» **What the task requires**: Set down every line from the one with "governador Gladson Camelí." to the end of the entries, both ends included, exactly as it reads and without pictures.

------------------------

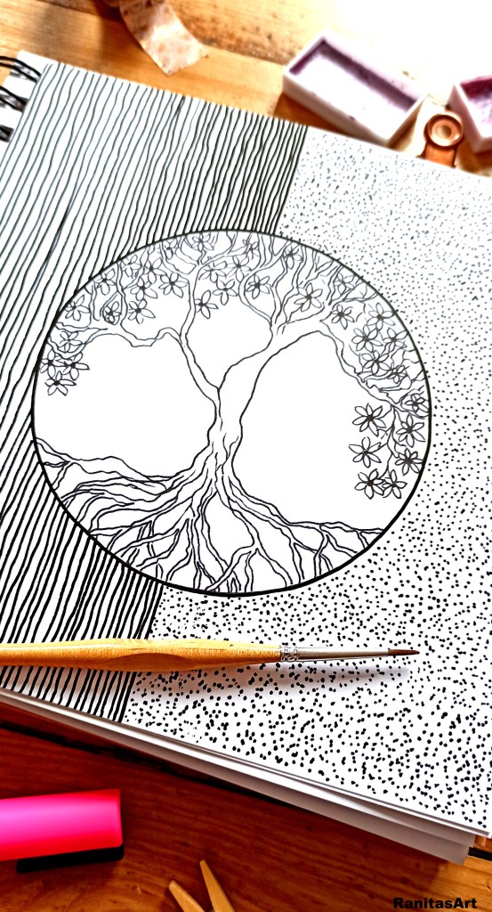 Al principio pensé en rellenarlo solo con árboles de la vida porque me encantan para dibujar y su significado, pero faltaba algo, no me inspiraba lo suficiente.
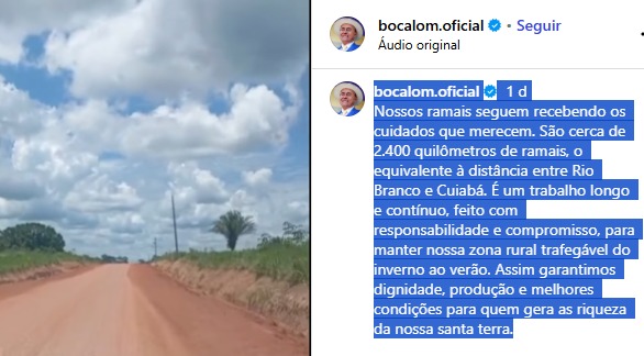 “Nossos ramais seguem recebendo os cuidados que merecem. São cerca de 2.400 quilômetros de ramais, o equivalente à distância entre Rio Branco e Cuiabá”, diz o prefeito de Rio Branco, Tião Bocalom, em seu perfil pessoal no Instagram. No vídeo acima, Bocalom percorre de carro o Ramal Jarinal, na Transacreana, que, na verdade, foi recuperado pelo Governo do Estado, por meio do Departamento de Estradas de Rodagem do Acre (Deracre), como mostram as placas sinalizadoras e as máquinas no trecho. Trata-se de uma antiga reivindicação de quase cem famílias da região, seguindo determinação do governador Gladson Camelí.
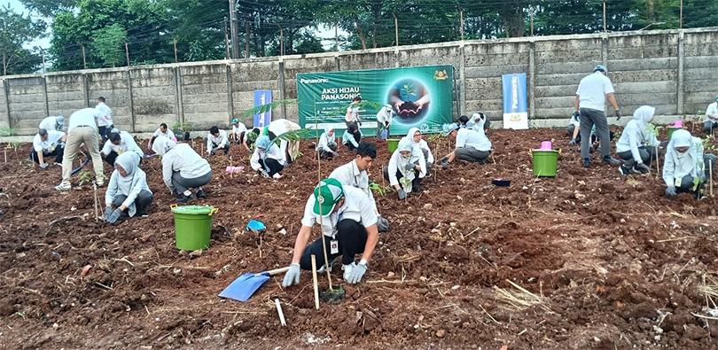 In celebration of Environment Month 2025, Panasonic Gobel Indonesia (PGI) and Panasonic Manufacturing Indonesia (PMI) hosted a tree planting event on 20 June. During the event, 200 mahogany and flamboyant tree seedlings were planted in the green belt surrounding the PMI factory, bringing the cumulative total to 1,000 trees since the launch of the “Every Step Forward, a Seed of Hope” initiative in 2023. Once fully matured, these trees are estimated* to absorb approximately 22,000 kilograms of CO2 annually.
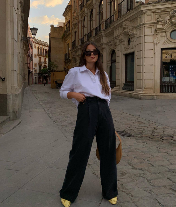 这款白色长袖Polo衫配黑色阔脚裤可以轻松穿出帅气感,无论搭配紧腿裤还是阔腿裤立马呈现利落率性的既视感,喜爱中性风的小花们一定不会放弃这样简约大气的搭配!一双镂空的荧光尖头单鞋,把原本简约的搭配提高了时尚度!
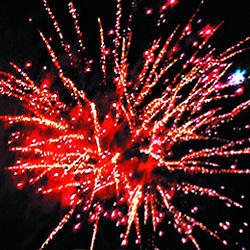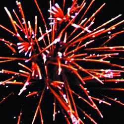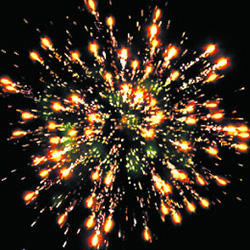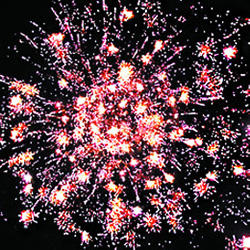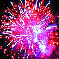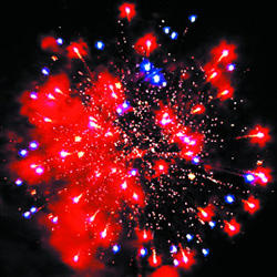 2. Красно-синяя сфера (пион) и облако трещащих разрывов (трещащая хризантема).

------------------------

» **Task answer**:
 “Nossos ramais seguem recebendo os cuidados que merecem. São cerca de 2.400 quilômetros de ramais, o equivalente à distância entre Rio Branco e Cuiabá”, diz o prefeito de Rio Branco, Tião Bocalom, em seu perfil pessoal no Instagram. No vídeo acima, Bocalom percorre de carro o Ramal Jarinal, na Transacreana, que, na verdade, foi recuperado pelo Governo do Estado, por meio do Departamento de Estradas de Rodagem do Acre (Deracre), como mostram as placas sinalizadoras e as máquinas no trecho. Trata-se de uma antiga reivindicação de quase cem famílias da região, seguindo determinação do governador Gladson Camelí.
 In celebration of Environment Month 2025, Panasonic Gobel Indonesia (PGI) and Panasonic Manufacturing Indonesia (PMI) hosted a tree planting event on 20 June. During the event, 200 mahogany and flamboyant tree seedlings were planted in the green belt surrounding the PMI factory, bringing the cumulative total to 1,000 trees since the launch of the “Every Step Forward, a Seed of Hope” initiative in 2023. Once fully matured, these trees are estimated* to absorb approximately 22,000 kilograms of CO2 annually.
 这款白色长袖Polo衫配黑色阔脚裤可以轻松穿出帅气感,无论搭配紧腿裤还是阔腿裤立马呈现利落率性的既视感,喜爱中性风的小花们一定不会放弃这样简约大气的搭配!一双镂空的荧光尖头单鞋,把原本简约的搭配提高了时尚度!
 2. Красно-синяя сфера (пион) и облако трещащих разрывов (трещащая хризантема).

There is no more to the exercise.